How It Works - Unpod Dev

The Model: Audio In, Text Out

Unpod sits between the caller and your agent. Your agent never touches audio.

Unpod voice stack diagram showing audio entering the managed layer, text turns reaching the agent, and audio streaming back to the user.

Your endpoint is a simple text-in / text-out webhook. Everything involving audio, carriers, and real-time streaming is handled by Unpod.

The Communication Stack

Phone Numbers

A number provisioned through Unpod (or BYON) receives the inbound call. Unpod handles SIP, PSTN connectivity, and routing. You never configure a carrier or SIP trunk.

Speech Pipeline

Audio from the caller is transcribed by the configured STT provider (Deepgram). VAD detects when the caller finishes speaking. Barge-in detection interrupts the agent if the caller speaks mid-response. Agent replies are synthesised by the TTS provider (Cartesia or ElevenLabs). The voice profile on your agent sets which providers are used - with automatic failover if a provider goes down.

Orchestration

The Unpod orchestrator receives the session and dispatches it to the least-loaded AgentRunner worker registered for that agent. Worker heartbeats, capacity tracking, and load balancing are automatic.

Your Agent

Your AgentRunner process accepts the dispatch and calls your entrypoint with a CallContext. The Session object gives you controls: say, transfer, end, pause recording. session.run() keeps the call alive and routes transcribed turns to your dialog machine.

Dialog

Transcribed text is routed to whatever dialog handler you set. Use SuperDialog for structured flows with tools and branching. Use any HTTP endpoint, LangChain chain, or custom logic - whatever your agent already is.

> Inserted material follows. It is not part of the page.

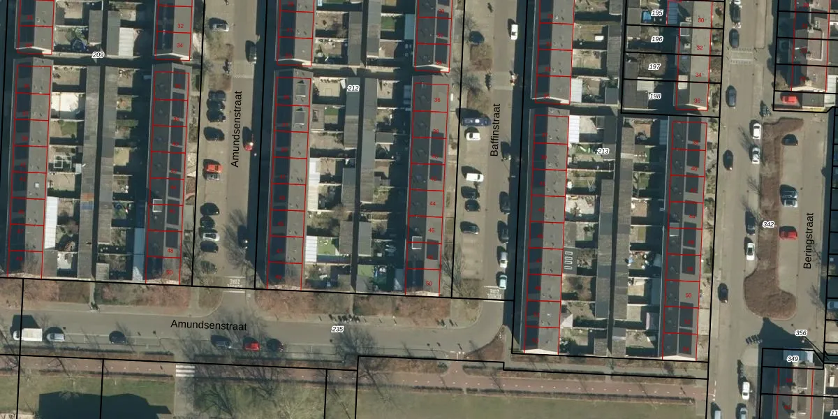 Het perceel waarop Baffinstraat 44 staat heeft een oppervlakte van 4912 m². Dit is een zeer groot perceel. De perceeloppervlakte wordt geregistreerd door het Kadaster. Gedetailleerde informatie over de maten van dit perceel kunt u vinden in het rapport Kadastrale kaart met maatvoering van Baffinstraat 44.
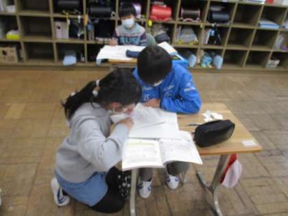 算数の授業の様子です。友達と話し合いながら、学習を進めています。

What You Own vs What Unpod Owns

Call lifecycle diagram showing the boundary between Unpod managed infrastructure and the server-side AgentRunner, Session, and DialogMachine that you own.

The line is clear: you own everything from AgentRunner down. Everything above it is managed.

Core Concepts

Numbers

Phone numbers attached to your Speech Pipe. Inbound calls arrive on a number and are routed to the Speech Pipe it is attached to. Numbers come from Unpod directly or via BYON. See Voice Stack - Numbers.

Voice Profiles

A bundle of STT + TTS provider configuration. Defines which providers handle speech recognition and synthesis, which language, and the failover order. See Voice Stack - Voice Profiles.

Speech Pipe

A configuration entity: name, voice profile, recording settings, call duration limits. The Speech Pipe is the anchor point for numbers, voice profiles, and runner workers. See Voice Stack - Speech Pipe.

AgentRunner

A long-lived Python process that registers with the Unpod orchestrator over WebSocket. It advertises capacity, receives dispatch frames, and calls your entrypoint for each call. See Voice Stack - SDK Setup.

CallContext

The object passed to your entrypoint for every call. Contains call_id, session_id, direction, user_number, instructions, data, and the session object. Read-only metadata plus the live session handle.

Session

Your control interface for a live call. say(), transfer_to_human(), end(), recording.pause(), hooks, metrics, and the dialog_machine property. See Voice Stack - Session Controls.

SuperDialog

The conversation engine. A DialogMachine executes a structured Flow turn-by-turn, calls tools, and manages state. Plugs into any Session via session.dialog_machine = machine. See SuperDialog.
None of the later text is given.